The MIT Energy Initiative (MITEI) has made nine awards totaling $1.3 million under its annual Seed Fund Program. Winning teams across campus will use the grants - in amounts of up to $150,000 each - to support early-stage innovative research across the energy spectrum.

Over the past eight years, the MITEI Seed Fund Program has supported 151 energy-focused research projects, amounting to a total of $19.9 million in funding. Grant awardees include well-established faculty and new professors just beginning to define their research paths at MIT. The competition encourages entrants to collaborate in novel ways to explore energy ideas.

"MITEI's Seed Fund awards provide fertile ground for innovative and collaborative research efforts aimed at key global energy and climate solutions," says MITEI Director Robert Armstrong, the Chevron Professor of Chemical Engineering. "The early-stage projects that our members are supporting through the MITEI Seed Fund Program this year have immense potential, and I have no doubt they'll join the ranks of past years' winners in successfully tackling some of our most difficult energy questions."

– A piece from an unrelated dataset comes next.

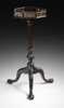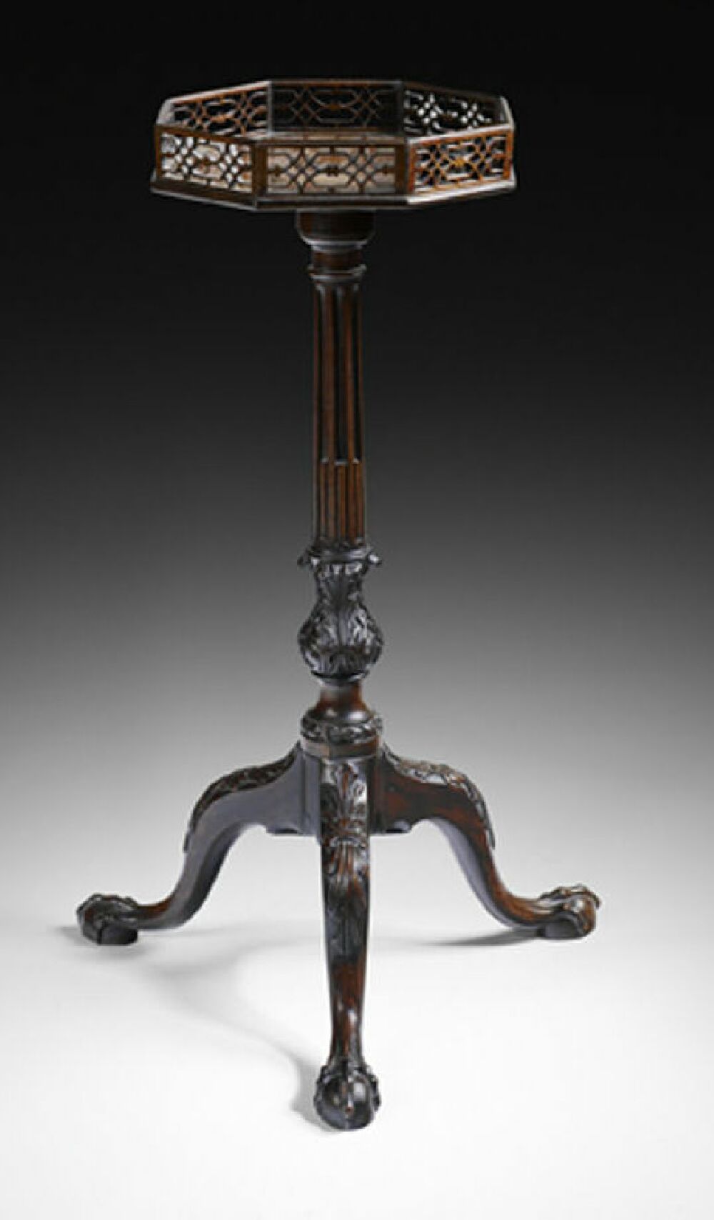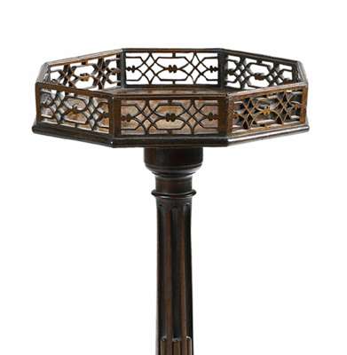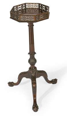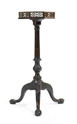 the octagonal pierced fretwork gallery with caddy moulded top rail above a stop-fluted baluster column with a fine leaf carved knop, on a rocaille carved cabriole tripod base with tied acanthus sprays, ending in talon and ball feet

The nine projects were selected out of a record pool of 81 proposals representing 23 departments, labs, and centers. Four out of the nine projects involve collaborations of two or more principal investigators, and three collaborations span multiple departments. Topics addressed range from synthetic fuel production to energy storage to energy cybersecurity.

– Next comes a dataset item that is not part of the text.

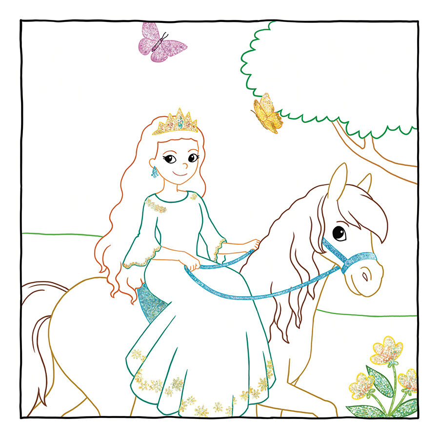 Glitzer-Malbuch mit überraschendem Wow-Effekt! Wie von Zauberhand erscheinen beim Ausmalen der liebevoll gestalteten Bilder verborgene Muster und Motive . Die 24 bezaubernden Ausmalbilder begeistern alle kleinen Prinzessinnen und Prinzen: Eine edle Prinzessin...
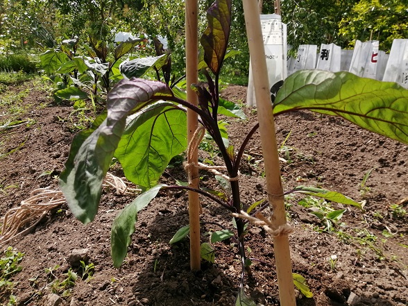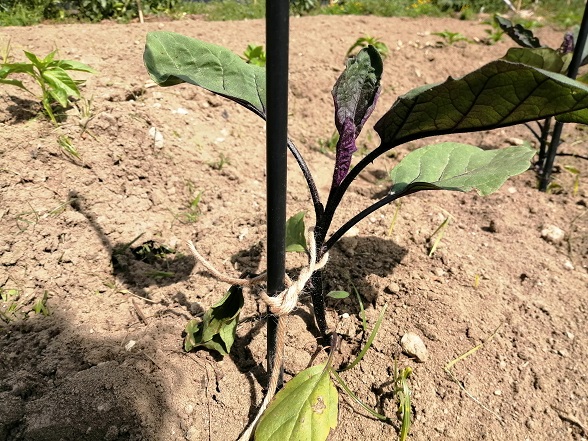 続いて、砂地に植えてある「ナス」と「ピーマン」にも支柱を立てます。

One of the winners is a design for metal-oxide surfaces to enable fast oxygen exchange in fuel cells. The project is a collaboration between Bilge Yildiz, an associate professor of nuclear science and engineering, and Ahmed Ghoniem, the Ronald C. Crane ('72) Professor of Mechanical Engineering, and seeks to significantly improve the performance of perovskite oxides that function in extreme environments. Yildiz says, "The MITEI Seed Fund Program is a critical enabler for faculty to initiate novel research directions and form new multidisciplinary collaborations with colleagues at MIT." The goal of her team's proposal, she says, is "to improve materials not only for solid oxide fuel cells and electrolyzers, which I study in my own laboratory, but also for gas conversion and thermo-chemical reactors to produce clean fuels, which are Ahmed Ghoniem's area of expertise."

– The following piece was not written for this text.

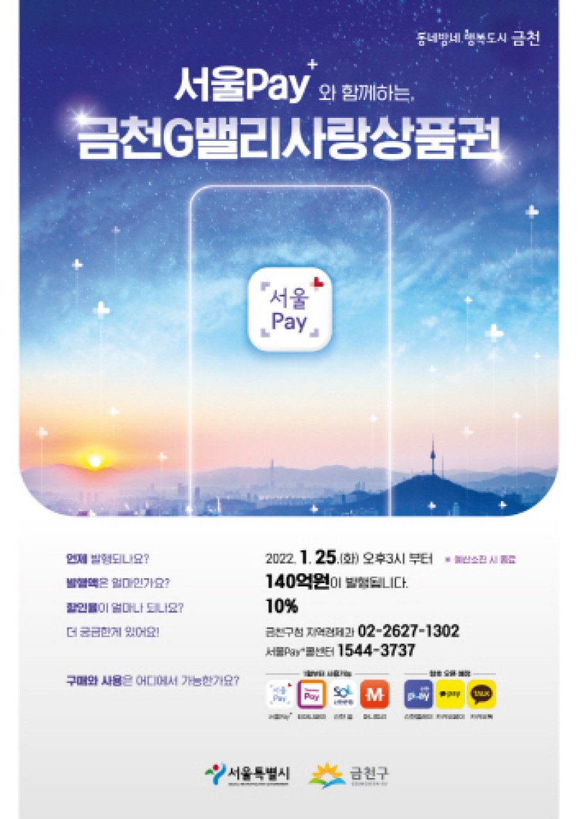 금천구, 금천G밸리사랑상품권 상반기 140억 발행

Yogesh Surendranath, an assistant professor of chemistry, and T. Alan Hatton, the Ralph Landau Professor of Chemical Engineering, are collaborating on a project aiming to cycle carbon dioxide (CO2) emissions back into chemical fuel. Surendranath says that he and Hatton are "eager to work together to address the dual challenges of carbon dioxide capture and conversion to valuable fuels - a key component of a low-carbon energy future."

Another awarded Seed Fund project, to be conducted by Stuart Madnick, the J.N. Maguire Professor of Information Technologies in the Sloan School of Management and Professor of Engineering Systems in the School of Engineering, will test a new method of cybersecurity risk reduction for energy systems based on applying concepts from industrial safety and systems thinking, called the Cybersafety Analysis Approach. The need for such a method is motivated by the intensified security risks presented by today's increasingly complex and dynamic energy systems. Madnick plans to initially experiment with this method in action using the MIT Cogeneration Plant as a test case. Funding for the new grants comes chiefly from MITEI's Founding and Sustaining Members, supplemented by gifts from generous donors.